The first time Rogue saw Remy LeBeau, he was leaning on the banister staring at Kitty with a cocky smirk. His red eyes drank in the smaller girl, almost undressing her, but not quite so brazen.
Rogue had been uninterested, but Remy glanced at her and blinked in surprise before continuing his conversation.
Since then, whenever she walks into the same room with him, he glances over, then returns to what he was doing.
If he would stare, she could brush him off. If he would leer, she could ignore him. But he doesn’t.
He glances.
There’s something different about the way he whispers. Something different in those urgent whispers as he draws his hand from the nape of her neck to the small of her back. Something different from the appreciative glances, lewd compliments, and in-your-face flirting he gives the other girls.
Something that makes her stop noticing when Bobby glances at Kitty. Stop staring at her boyfriend wistfully. Stop regretting the Cure.
Something that makes her blush every time that Remy looks at her. Something that lights a fire in her belly when he slides up behind her in some dark corner—and whispers.
Caitlin smiled as her very large husband tried to teach their very tiny five-year-old daughter how to dance. He was leaning over, holding her hands, as she stumbled one way then the other in the living room.
Finally, little Robin flopped down with a pout. “I’m just not made to dance.”
Caitlin knelt next to her. “Do you like to dance?”
Robin scrunched up her nose in evident distaste.
Suddenly, Monster scooped her up and swung her around in his arms. Robin’s delighted peals of laughter rang out as he danced with her in the air.
“Look, Mommy! I’m flying!”
Robin was now a slender, serious ten-year-old with creamy golden skin and shiny black hair. Her eyebrows furrowed in concentration as Caitlin went over the waltz with her over and over again.
Finally, Robin sat down with a sigh. “I’ll never get this.”
Caitlin smiled. “Do you like to dance?”
“I’d like to fly,” Robin answered wistfully. She set her face and got up to dance again.
Monster held Caitlin close as they watched their daughter glide down the staircase into her cotillion. She joined her tall, handsome boyfriend in a waltz. Stately, smooth, perfect.
“I think she likes to dance,” Monster whispered into Caitlin’s ear.
“I never got to tell her the rest.”
Robin smiled up into the eyes of her date.

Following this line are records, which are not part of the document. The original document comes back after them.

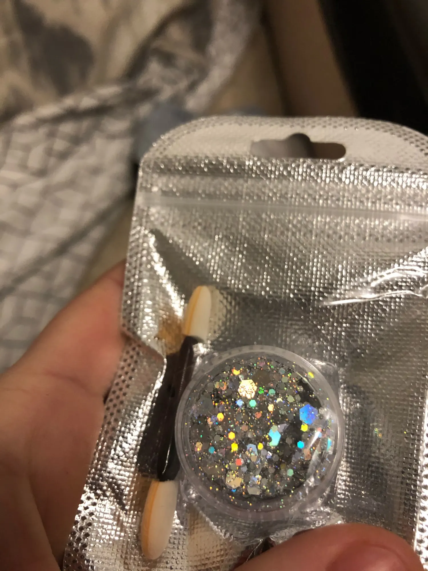 Все пришло в целости и сохранности!) Блестки выглядят даже лучше, чем я представляла. Не пробовала ещё делать макияж, но думаю будет выглядишь очень даже круто. Огромное Спасибо! Буду заказывать ещё!)
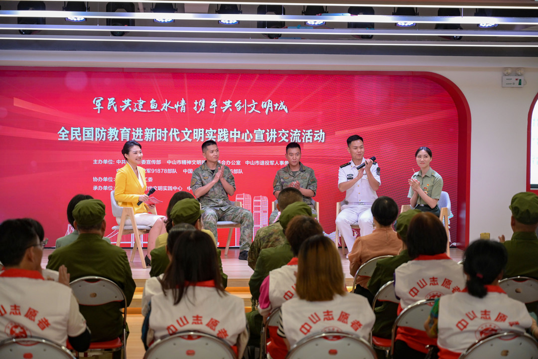 5月18日下午,全民國防教育進新時代文明實踐中心宣講交流活動在中山市民眾街道新時代文明實踐中心舉行,退役軍人代表、基層群眾、村干部以及受邀出席的中國人民解放軍91878部隊、69316部隊官兵代表等200余人參加活動。  活動現(xiàn)場。記者 易承樂 攝
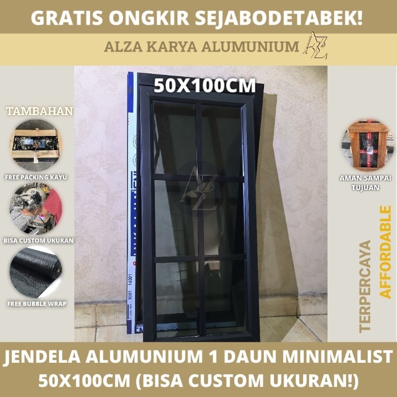 Jendela Ukuran 50X100 Casment ORNAMEN / Jungkit / Swing Alumunium 1 Daun Minimalist ORNAMEN Bisa Custom Ukuran
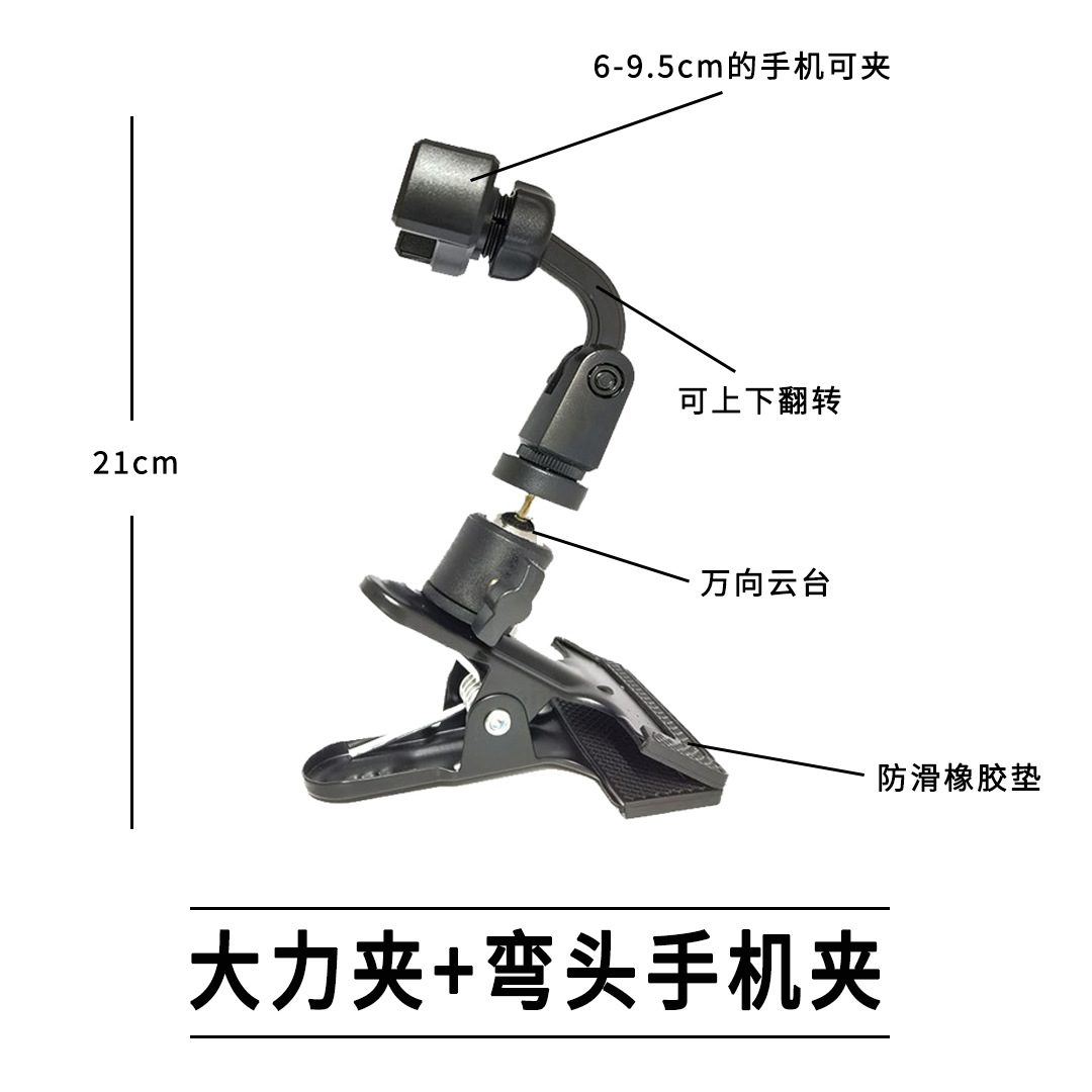 • 강력한 클램프 + 팔꿈치 구형 휴대폰 클램프
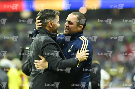 Ciudad de México, 11 de abril de 2026. Nicolás Larcamón, director técnico y Andre Jardine, director técnico, durante el partido correspondiente a la jornada 14 del torneo Clausura 2026 de la Liga BBVA MX, entre las Águilas del América y la Máquina Celeste del Cruz Azul, realizado en el estadio Banorte. Foto: Imago7/Etzel Espinosa

Monster smiled down into Caitlin’s.
“I think she knows.”
He burned a flush into her face from the first moment he saw her, danced her, claimed her mouth with his. His hands ignited an inferno beneath her skin that did not fade. She became his.
At four months, she didn’t want to look anywhere else. At six months, she couldn’t dare to.
But as much as Ramos talked about getting to the bottom line, he respected her more than she did. He never came to her place, and if looks could kill, she’d be dead every time she asked about going to his.
At eight months, she started flirting.
Danjou would dance her in her room and take her on the bed. His kisses didn’t light fires in her belly that would last for days or make her whole body ache with longing. But he could give her that. Kindling to Ramos’ flame.
Sometimes, she just really wanted to burn.